Além das alterações de percepção e da geração de fragmentos e corporeidades, havia algo mais interessante a ser explorado na prática da imobilidade: a dissolução entre o espaço "interno" e "externo" do corpo. Com o tempo estendido, "ser" e "ambiente" se confundiam. E a minha questão passou a ser: além de poder ser outros, seria possível ser tudo? “Tudo” no sentido de ser chão, paredes, vidros e para além deles, árvores, ar, pássaros, concreto, aviões. Aí estava um estado a ser aprofundado, onde os limites do “eu” ficavam abalados. Chamamos isso de “dissolução do ego” e com ela iniciaríamos a performance.

Junto com esse estado, outro elemento muito forte para a construção da performance foi a pele. Contávamos com o trabalho da artista visual Faetusa Tezelli que, desenvolveu um “látex” caseiro que era aplicado sobre toda a pele do Maikon e que, a medida que secava, craquelava e se despedaçava, como numa troca de pele. A gosma precisava ser preparada imediatamente antes de ser aplicada, por isso durante a temporada chegávamos com três horas de antecedência. A aplicação, feita sempre por mim ou pela Faetusa, durava cerca de uma hora e meia e era essencial que o Maikon permanecesse imóvel.

Depois disso, o acompanhávamos até a bolha plástica onde a performance acontecia, cerca de meia hora antes de o público chegar. Lá ele permanecia sozinho e imóvel, já

 

trabalhando o primeiro estado do nosso roteiro, a “dissolução do ego”. Esse foi um tema de discussão para nós dois, pois para mim, aluna iniciante de Psicologia28, era difícil conceber essa “dissolução”. Eu dizia que o ego sempre estaria presente e o Maikon discordava, dizendo que em determinados níveis de meditação o ego desaparecia. Com o tempo percebi que realmente algo se transformava tanto em mim quando praticava, como no Maikon quando o observava, e foi isso que me levou a empreender o estudo que apresento no Terceiro Capítulo.

Figura 8 – Eu aplicando o látex caseiro no Maikon

Foto: Lauro Borges. Fonte: Acervo pessoal.

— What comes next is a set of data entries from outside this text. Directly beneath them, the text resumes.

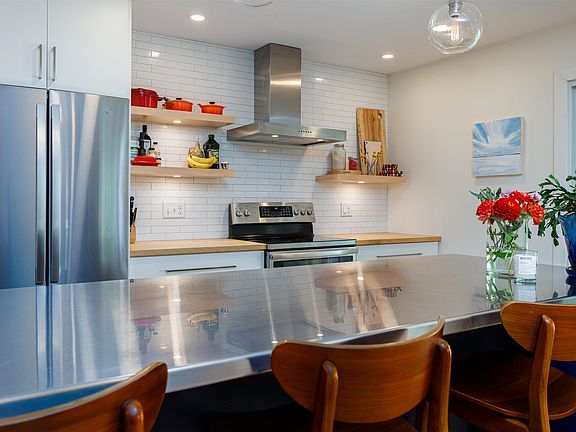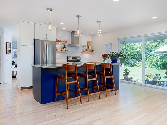 Elegantly and extensively remodeled Mid-Century Modern Ranch in a desirable section of South Burlington’s Laurel Hill neighborhood. This 3 bedroom, 3 bathroom home offers a gorgeous and light filled open concept Kitchen-Living area with custom design and installation by Dovetail Design of Hinesburg, VT. Custom cabinets, subway tile backsplash, butcher block counters, open shelving, new appliances, and a stainless steel island that is a home cook’s dream. The open living room is terrific for entertaining with original built-ins, cozy woodstove insert and a step away from a window and skylight ensconced dining area/sunroom. Family room addition provides great space to relax, sweet office nook, main floor laundry and access to the backyard. Upstairs bathrooms fully remodeled with ceramic tile flooring, toto wall hung toilets and duravit sinks. Shared bathroom with tiled tub and Primary en-suite with tiled in shower. 3 nicely sized bedrooms with closets. Downstairs has 575 sqft of flexible finished space that has been rewired, insulated, new sheetrock & LVP flooring. Newly remodeled ¾ bathroom in basement and laundry hookups for maximum convenience. Attached two car garage and unfinished basement space provide ample storage. Tranquil backyard with mature landscaping and 8ft. cedar fence. short distance to the joys of Szymanski Park, South Burlington’s rec path and in the same neighborhood as Orchard School. Close to many conveniences. Owner is a Licensed VT Real Estate Agent.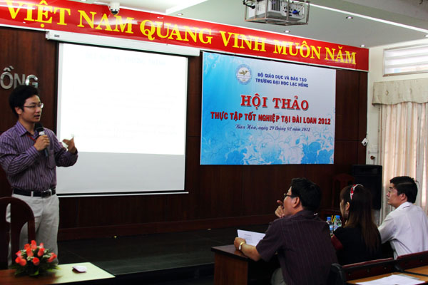 Hội thảo về chương trình thực tập tốt nghiệp cho sinh viên trường Đại học Lạc Hồng tại Đại học Cao Hùng, Đài Loan đã diễn ra sáng ngày 29/02/2012 tại cơ sở I, trường Đại học Lạc Hồng.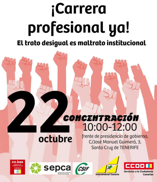 Por todo ello, no cabe más espera, demandamos lo que es justo. Exigimos YA la implantación de la carrera profesional para la Administración General de la Comunidad Autónoma de Canarias.

                                                                                                                         

28Iniciei o curso de graduação em Psicologia na Universidade Federal do

Paraná (UFPR), em 2012, e interrompi esses estudos para realizar o Mestrado em Teatro na UDESC, em 2013.

 

Figura 9 – Imagens do processo

  Início do processo (1o. mês): qualquer ação minha deveria desencadear uma reação da cobra.

  Meio do processo: Sequência surgida a partir da imagem “O macho introduz a cabeça de língua tripla na garganta de sua companheira”.  

  Final do processo: Serpente velha, louca e rouca faz, relutantemente, a sua troca de pele.  

  Final (4o mês): Trabalhando a “dissolução do ego”.